В такой же переходной зоне находится сейчас и психология, с трудом преодолевающая разные варианты редукции своего предмета и метода по классическим естественнонаучным образцам и вновь обретающая когда-то утраченные душу, сознание, смысл… Обсуждение возможности неклассической психологии в последние годы стало одной из главных точек роста этой науки, которой предсказывали ведущую роль в XXI веке и от которой продолжают ожидать свежих и качественно новых идей и свершений (см. Леонтьев, 2005). В частности, психология личности выходит на новый уровень понимания того, что называется «личность», во многом исчерпав классический проект психологии личности, заложенный Г.Олпортом еще в 1930-е годы (см. Леонтьев, 2006). Не последнюю роль в этом движении психологии к новой парадигме играет достигшая зрелости в 1950—1960-е годы экзистенциальная психология, в которой категория свободы занимает одно из центральных мест, а такие представители этой традиции как Э. Фромм, В. Франкл и Р. Мэй внесли решающий вклад в содержательное психологическое наполнение идеи свободы (см. Леонтьев, 2000).
В этой статье я бы хотел свести в единый контекст основные, на мой взгляд, проблемные узлы, связанные с включением проблемы свободы в контекст человекознания.
1. Первая как в историческом, так и в логическом аспекте проблема, без серьезного рассмотрения которой невозможно двигаться дальше, — это дилемма свободы/детерминизма. Насколько корректно говорить о свободе применительно к действиям человека, есть ли она в реальности, или это просто прекраснодушная иллюзия, а на самом деле никакой свободы нет, и все жестко загнаны в те или иные рамки?
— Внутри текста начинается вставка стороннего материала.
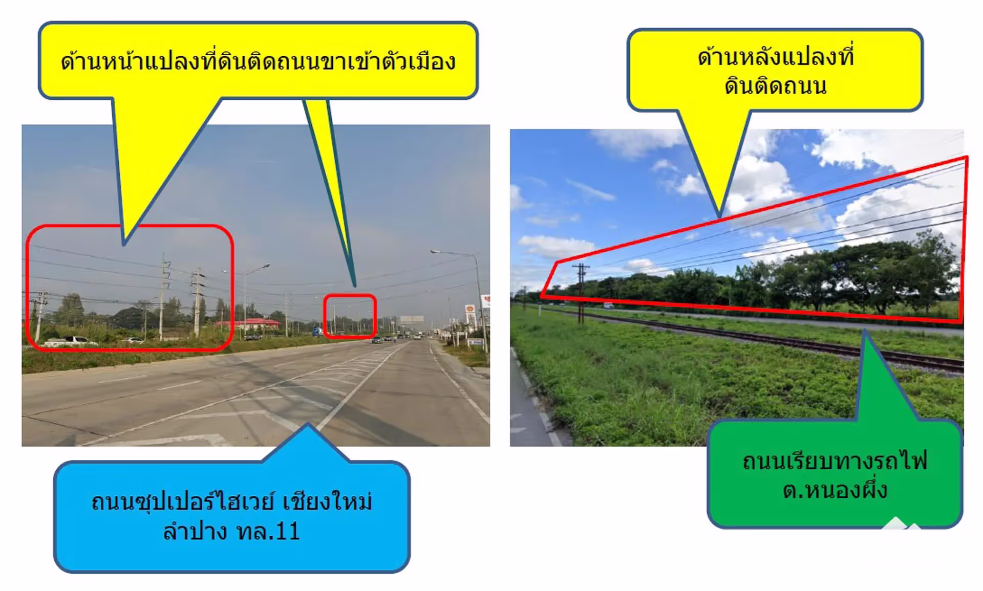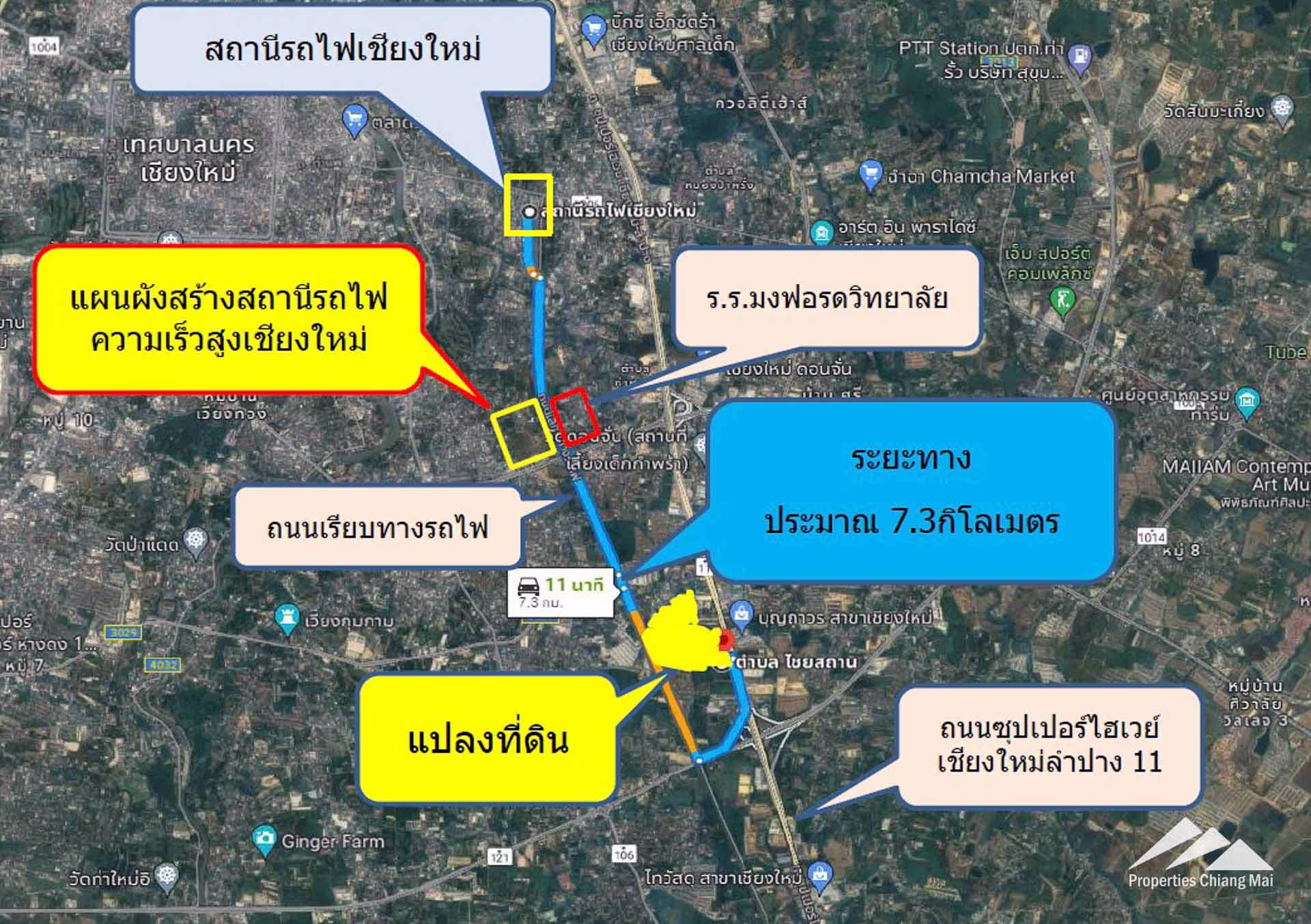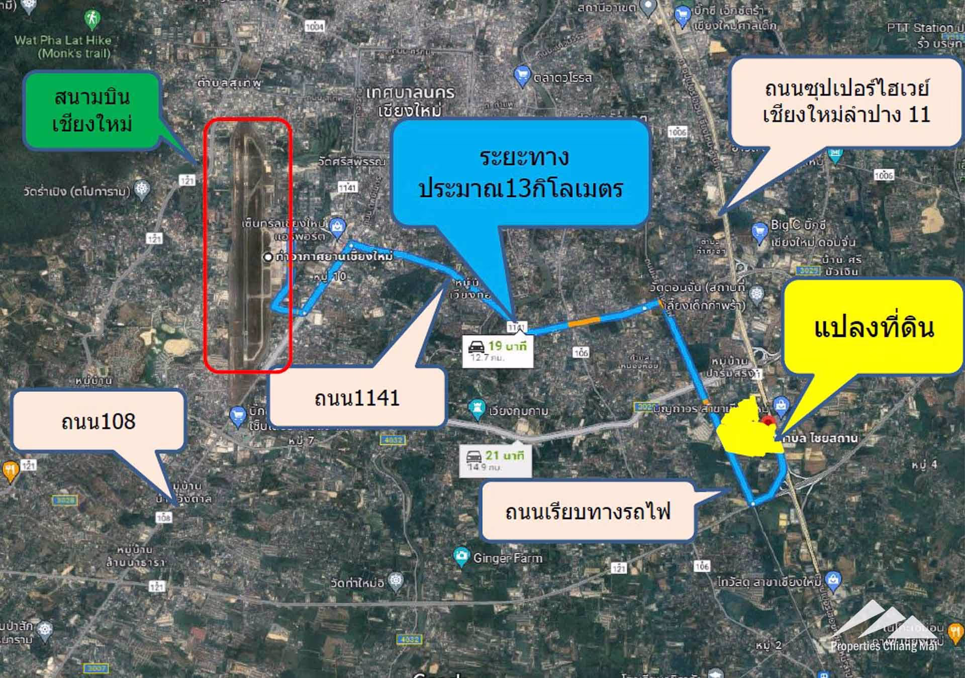 Conveniently located in between Hwy 121 & 3029, with two entrances on the Superhighway 11 (Chiang Mai-Lampang), and a rear entrance on the Railway Road, this large 235+ Rai (235-2-56.4) block of land in Saraphi is an excellent location for various types of development projects and only 1o km/10min from the Airport.

Изначально эта проблема ставилась в контексте религиозного мировоззрения как проблема божественного предопределения — о какой свободе может идти речь, если наши пути, наши действия определяют боги, без воли которых ни один волос не упадет с головы человека? Этой, казалось бы, непреодолимой аргументации в известной дискуссии Эразма Роттердамского с Мартином Лютером (см. Эразм, 1987) была противопоставлена аргументация, апеллирующая к богоподобной природе человека, из чего следует не только возможность, но и необходимость признания у него свободы как божественного атрибута. Характерно, кстати, что герои древнегреческой мифологии, отважившиеся противопоставить воле богов свою волю, несли в себе часть божественной природы, будучи потомками богов, хоть и не по прямой линии.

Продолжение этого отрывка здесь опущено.